US TV networks stare at hazy future
If affluent viewers were to switch to streaming, advertisers might have a rethink
If upscale audiences ditch linear for subscription on demand, advertisers may decide TV is no longer a viable way to reach them, leaving network TV to go for the Walmart demo.
If there’s one thing that stood out about ratings in 2015, it’s not the numbers themselves - once again, they were lower! - but how the networks started reacting to them. Execs have been yammering on for a few years now about how overnight ratings were irrelevant.
Most of the time, however, delayed viewing didn’t make a decisive difference in delaying death. NBC kept Parenthood and Hannibal alive because its drama cupboard was bare before Dick Wolf filled it with his Chicago trilogy; Nashville survives because Shonda Rhimes can’t produce everything.

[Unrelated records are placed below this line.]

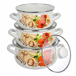 - Набор эмалированных кастрюль сферических со стеклянными крышками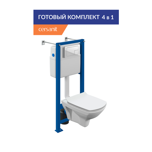 Унитаз подвесной с инсталляцией, кнопкой и сиденьем Cersanit 64119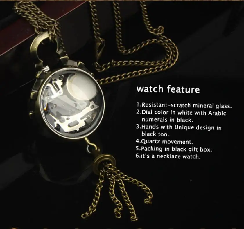 Часы Timezone #25 в стиле ретро, бронзовый кварцевый шар, стеклянные карманные часы, ожерелье, цепочка, карманные часы в стиле стимпанк
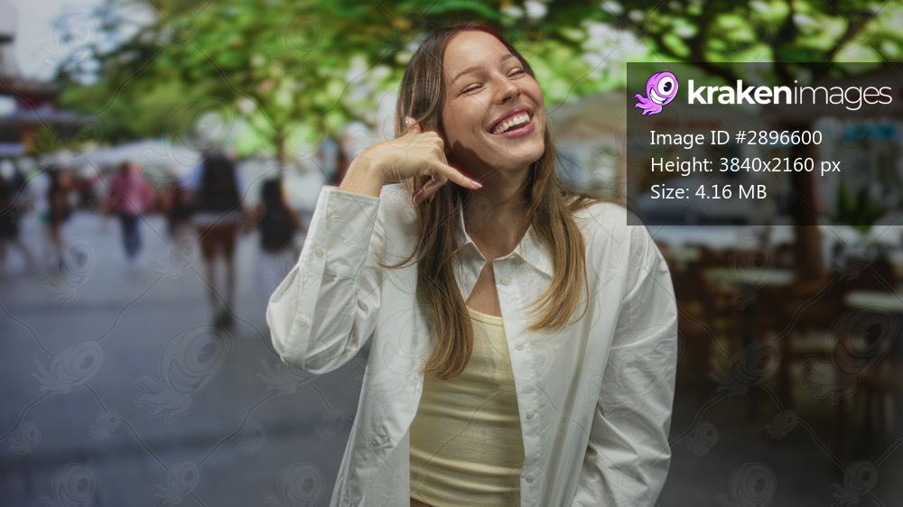Woman smiling with hand to ear in call gesture on street terrace outside restaurant wearing casual shirt and tanktop; playful joy.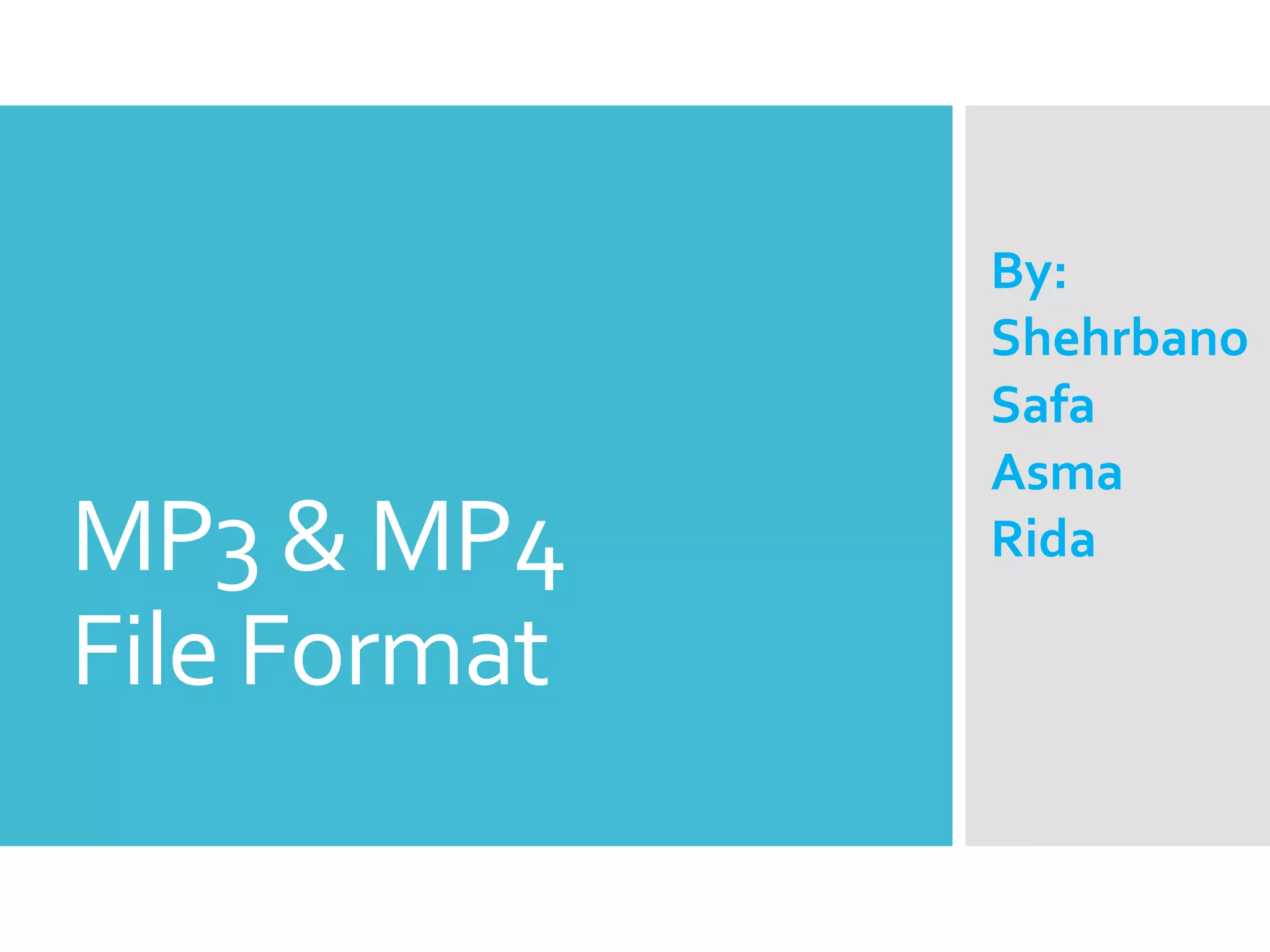 MP4 is a container format that can store both audio and video compressed in different formats, along with subtitles. It allows streaming over the internet and supports high quality audio and video playback. MP3 is an audio-only compression format that reduces file sizes while maintaining good sound quality. Unlike MP4, MP3 cannot store video or multiple audio/video formats. Both formats are commonly used for storing and sharing multimedia online and on mobile devices.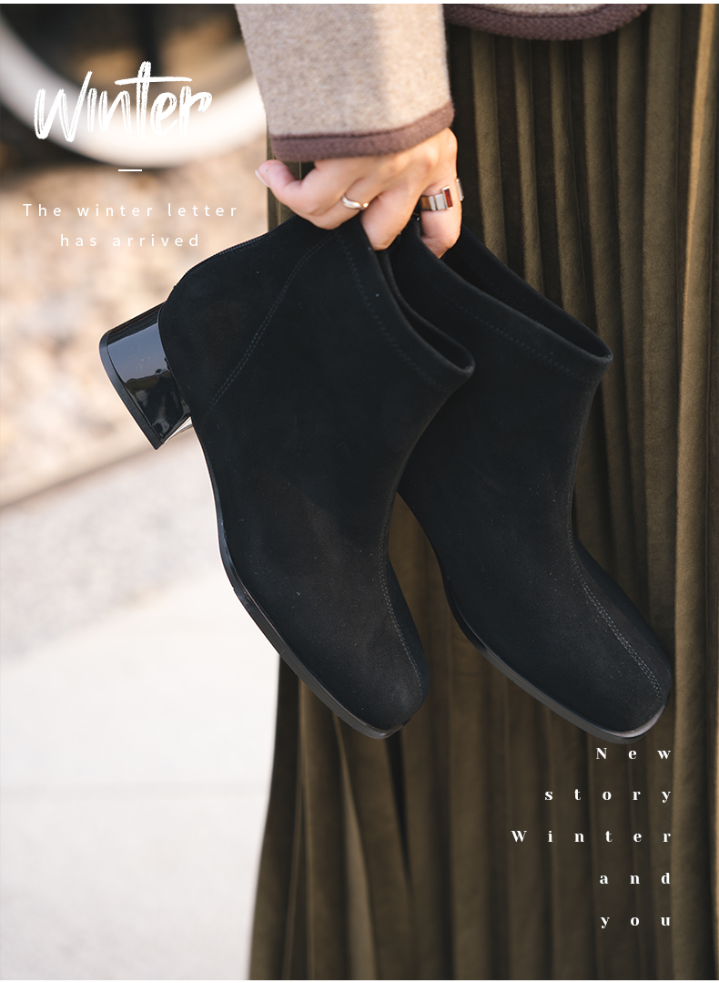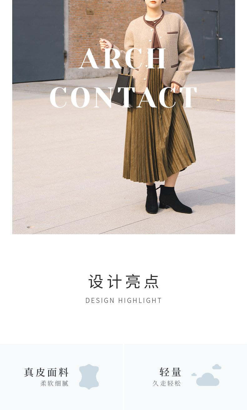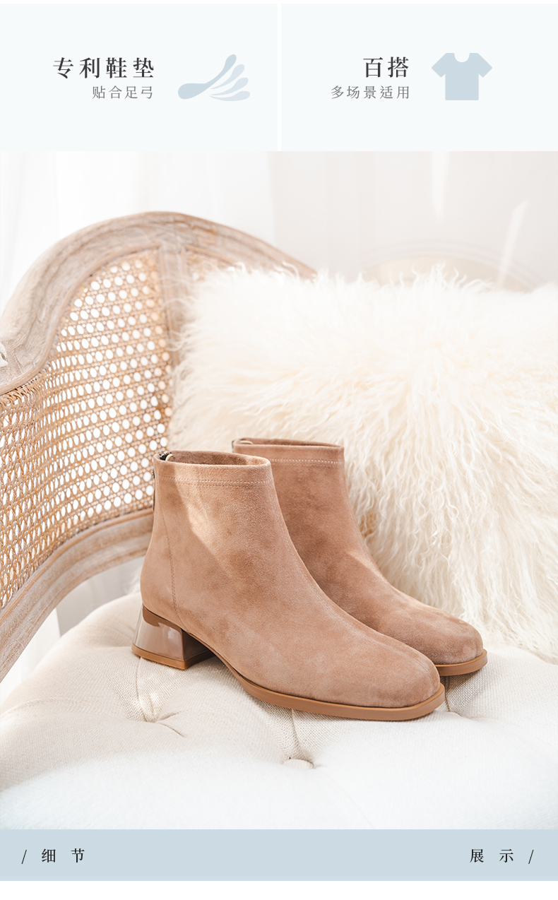 ARCH CONTACT安启美奈秋冬新品羊反绒中跟圆头女靴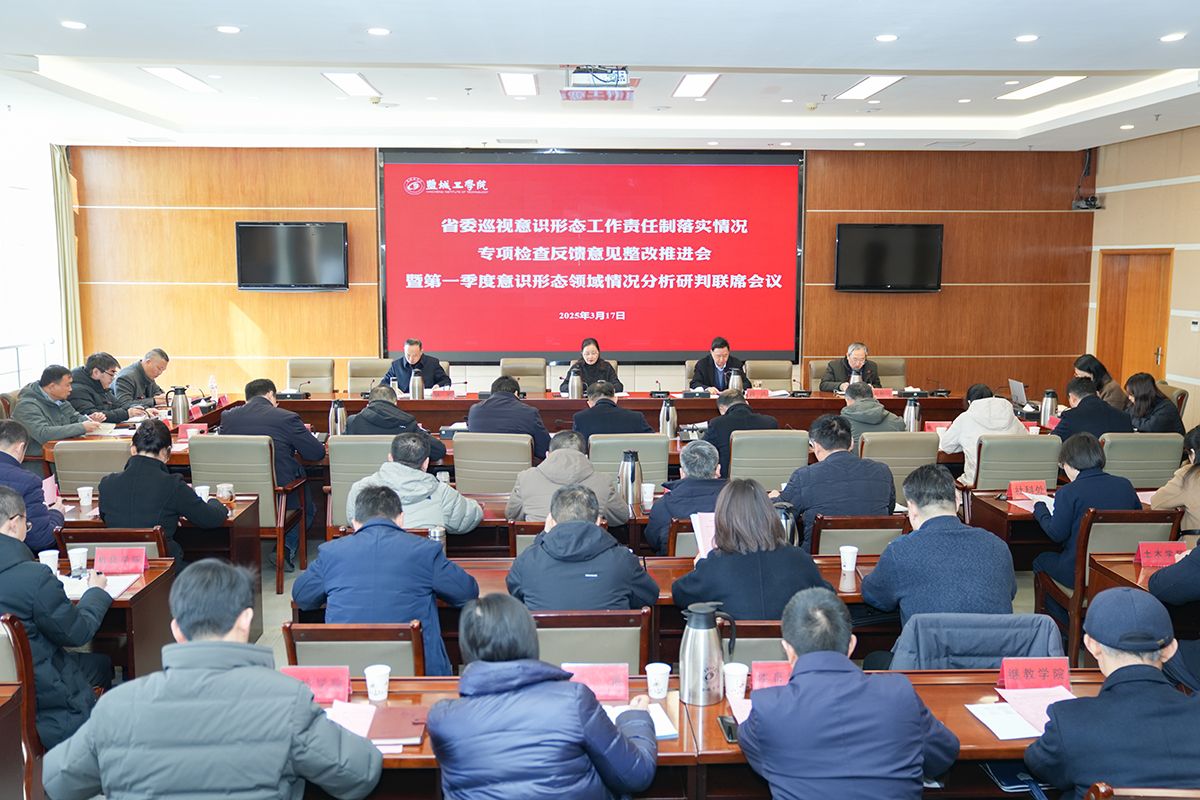 3月17日上午,学校在希望大道校区行政楼9楼视频会议室,召开省委巡视意识形态工作责任制落实情况专项检查反馈意见整改推进会暨第一季度意识形态领域情况分析研判联席会议。党委书记方海林出席并讲话。党委副书记薛浩主持。党委常委、统战部部长姚军,党委常委、宣传部部长奚新国,意识形态重点领域相关单位负责人,各二级党组织负责人,机关各党支部书记参加会议。

Now, however, there’s been an awakening in the executive suites. With more and more broadcast and cable series experiencing sharp yearto-year declines even with delayed viewing, and with so many new ones not even getting audiences to show up for premiere night, programmers seem to have come to a collective realisation that they can’t keep cancelling series simply because the shows don’t live up to predetermined ratings expectations.
Empire ’s incredible spring run may have demonstrated that networks can still produce out-of-the-box hits, but network executives know that such success is now exceedingly rare. So while big misfires (The Bastard Executioner, Wicked City) can still get a swift axe, a series that demonstrates even the slightest bit of creative spark stands a chance of holding on at least a little while longer.
But this isn’t just about networks being more patient. The once-straight line between ratings performance (delayed or otherwise) and long-term viability has grown ever fuzzier, or even non-existent.
Non-linear startup parallel
In a way, this thinking mirrors the strategy of the non-linear startups like Netflix and Amazon. Streaming services are clearly spending more than they’re taking in.
Smart broadcast and cable outlets might need to make similar (if smaller) investments if they’re going to stay relevant.
If upscale audiences ditch linear for subscription on demand, advertisers may decide TV is no longer a viable way to reach them, leaving network TV (or even some cable networks) to go for the Walmart demo.